Вскоре после того был накрыт ужин, на который пришел также и возвратившийся с своих хозяйственных хлопот доктор. Искренне обрадованный приездом Музы Николаевны, он с первых же слов отнесся к ней с вопросом:
– Извините вы меня, сударыня, но не известно ли вам, по жизни вашей в Москве, что творит там некто действительный статский советник Тулузов, которого было я упрятал в острог, но который уж давно выпущен?
– Известно немного, – ответила ему Муза Николаевна. – Он живет теперь большим барином, дает роскошные обеды и набирает себе все больше и больше откупов.
– Вот как-с! – произнес Сверстов с перекошенным от затаенной злости лицом. – Егор Егорыч, значит, справедливо предсказывал, что у нас не Христос выгонит из храма мытарей, а мытари выгонят рыбарей, что масонство на долгие годы должно умереть, и воссияет во всем своем величии откупщицкая и кабацкая сила. Посмотрим-с, посмотрим, какую пользу правительство извлечет из этого для себя и для народа; но только я на этом не удовлетворюсь!.. Нет, я подам прошение на высочайшее имя: пусть или меня сошлют в каторгу, если я клеветник, или Тулузова в рудники упрячут, когда я докажу, что он убийца.

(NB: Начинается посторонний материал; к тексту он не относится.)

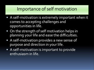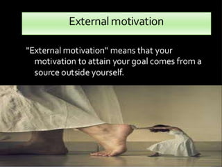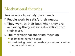 Motivation is the driving force that causes the will to act. It comes from inner desires to fulfill needs and move in a particular direction. Motivation is key to managing employees, as it determines what they will do. It arises from an interaction between the individual and their situation. Motivated people will exert more effort than the unmotivated. Motivation theories like Maslow's hierarchy of needs and Herzberg's hygiene-motivation theory help explain human motivation. Goal setting, participation, feedback and performance reviews are important for motivation in the workplace.

– Что за вздор ты говоришь! Разве можно теперь доказать это? – возразила мужу gnadige Frau.
– Так что же мне, – воскликнул он, – с неочищенной душой и предстать на страшный суд?
– Чем же не очищена душа твоя будет, – продолжала возражать gnadige Frau. – Ты пытался, ты доносил, тебе не поверили, и в грехе будут виноваты они, а не ты.
– Но я должен пытаться не один, а десять, двадцать раз! – кипятился доктор.
– Тогда тебя, пожалуй, сочтут за человека не в полном рассудке и посадят в сумасшедший дом! – предусмотрительно и насмешливо заметила gnadige Frau.
– Может быть, – согласился доктор, – по крайней мере, я тогда исполню все, что было в моей возможности.
– Да это исполняй, кто тебе мешает! – заключила этот спор тем же насмешливым тоном gnadige Frau, очень хорошо знавшая, что она сумеет не допустить мужа подать такую несообразную с здравым рассудком просьбу.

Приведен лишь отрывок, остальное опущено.